── SUPPLIED DATA ──

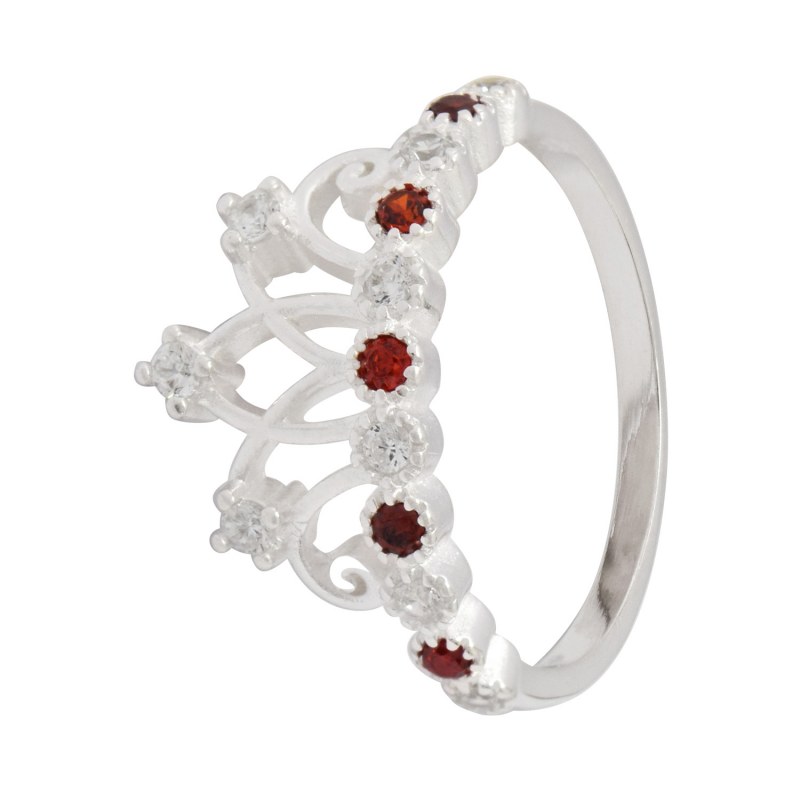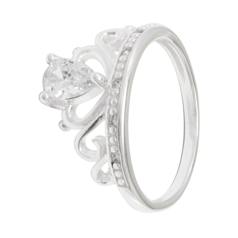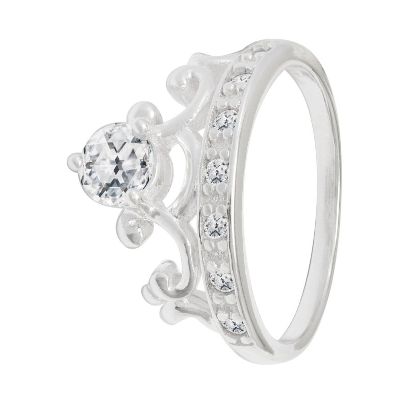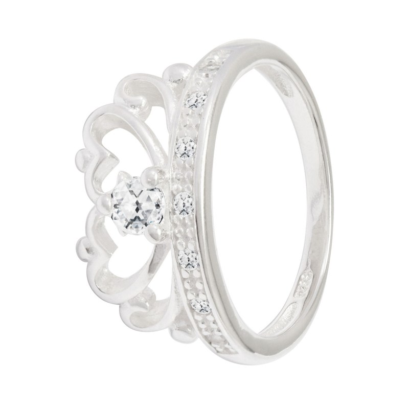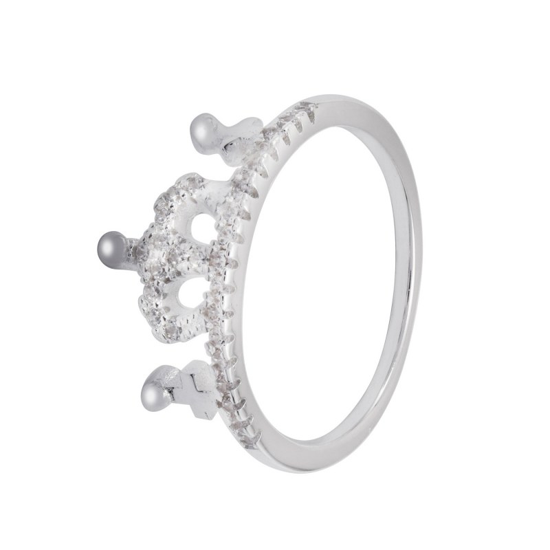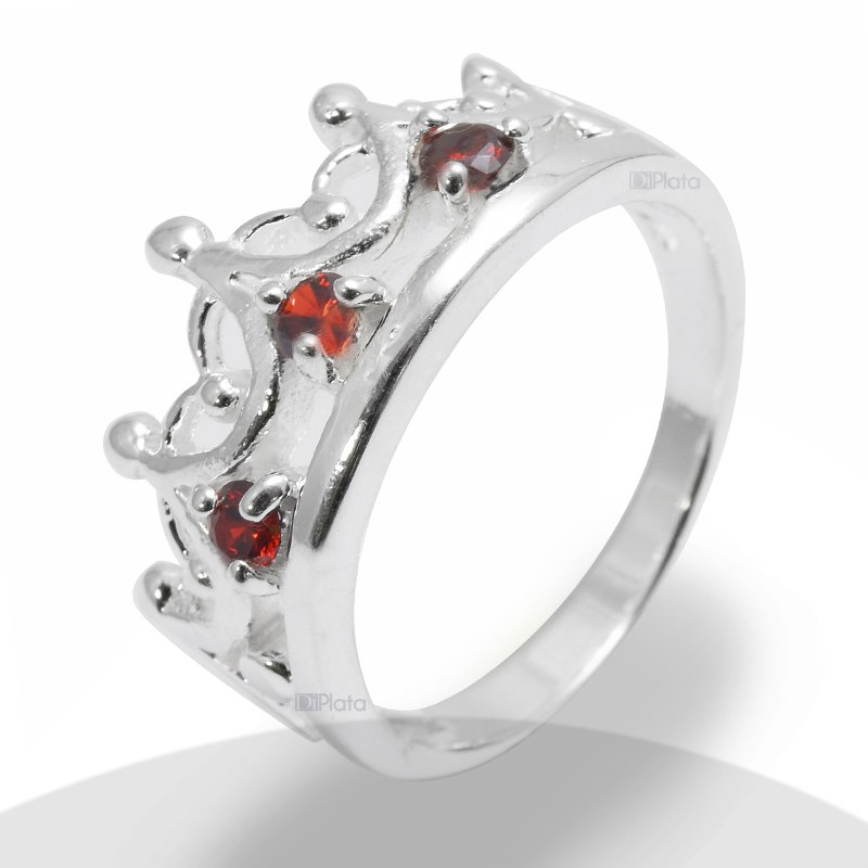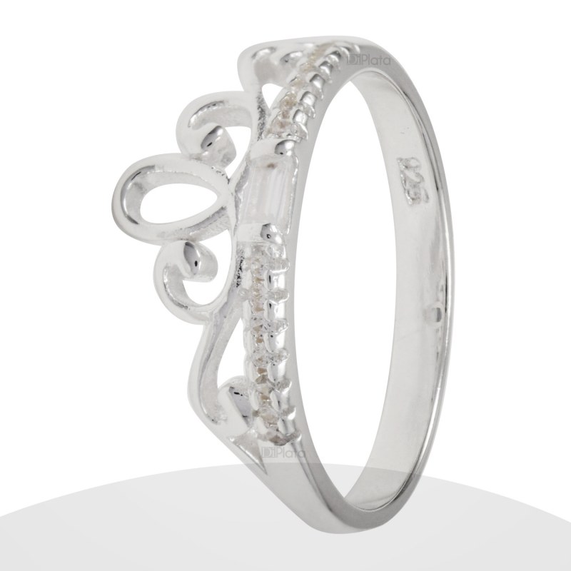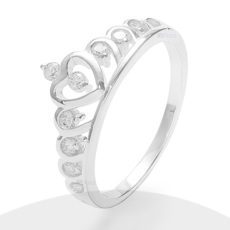 Anillo corona centro corazón color cristal y negro circones plata 925
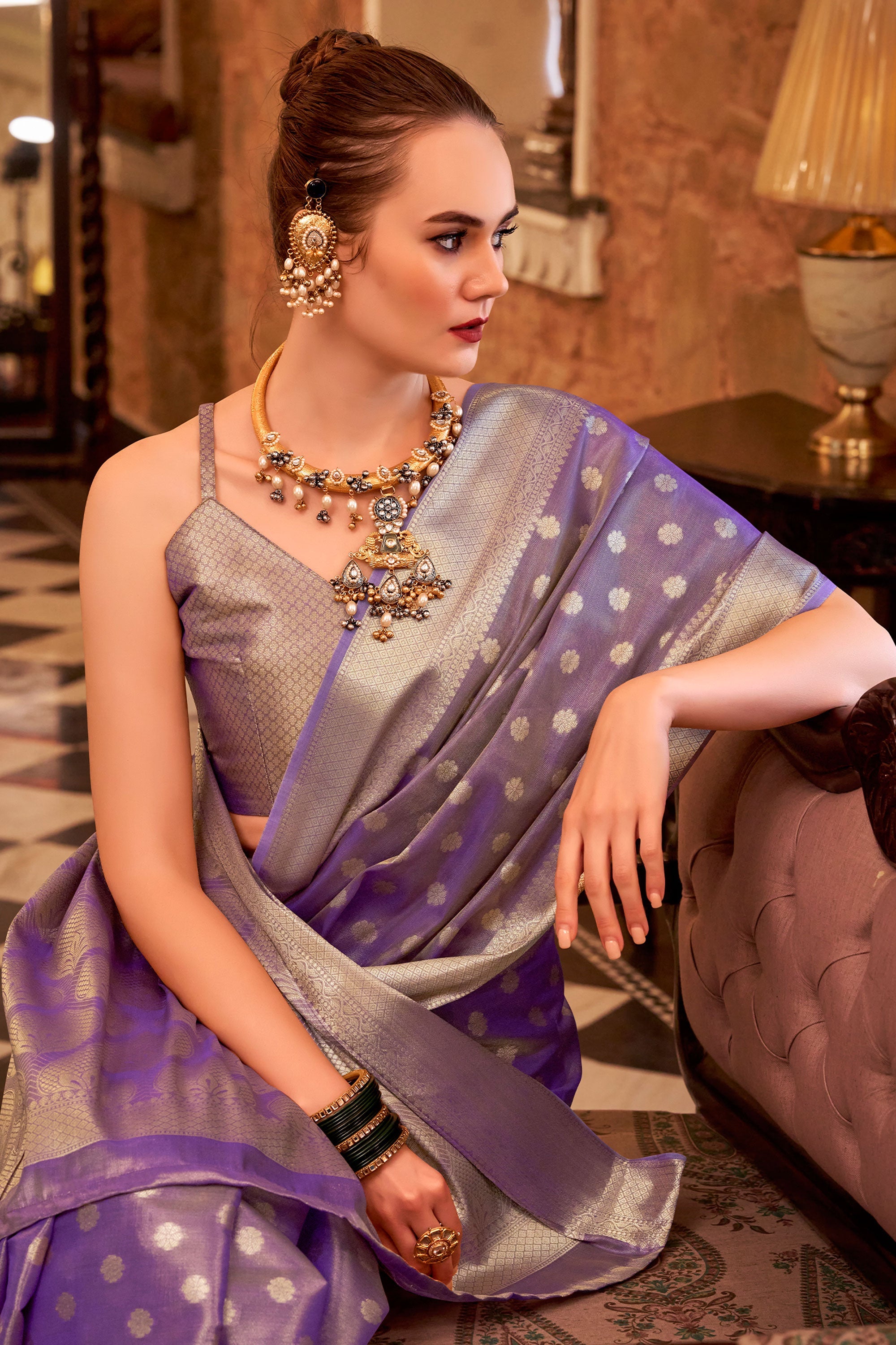 Purple Sangeet Wear Tissue Silk Handloom Zari Weaving Saree
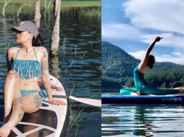 Tập yoga trên mặt nước đón bình minh trên hồ Tuyền Lâm
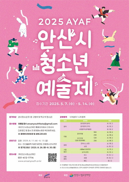 [프레스뉴스] 장현준 기자= 안산시(시장 이민근)는 오는 7일부터 14일까지 ‘2025년 안산시 청소년예술제’에 참가할 청소년을 모집한다고 2일 밝혔다.

───

DIRECTIONS: Please copy out each line above exactly as written, but not the pictures.

ANSWER TO THIS TASK:
 Anillo corona centro corazón color cristal y negro circones plata 925
 Purple Sangeet Wear Tissue Silk Handloom Zari Weaving Saree
 Tập yoga trên mặt nước đón bình minh trên hồ Tuyền Lâm
 [프레스뉴스] 장현준 기자= 안산시(시장 이민근)는 오는 7일부터 14일까지 ‘2025년 안산시 청소년예술제’에 참가할 청소년을 모집한다고 2일 밝혔다.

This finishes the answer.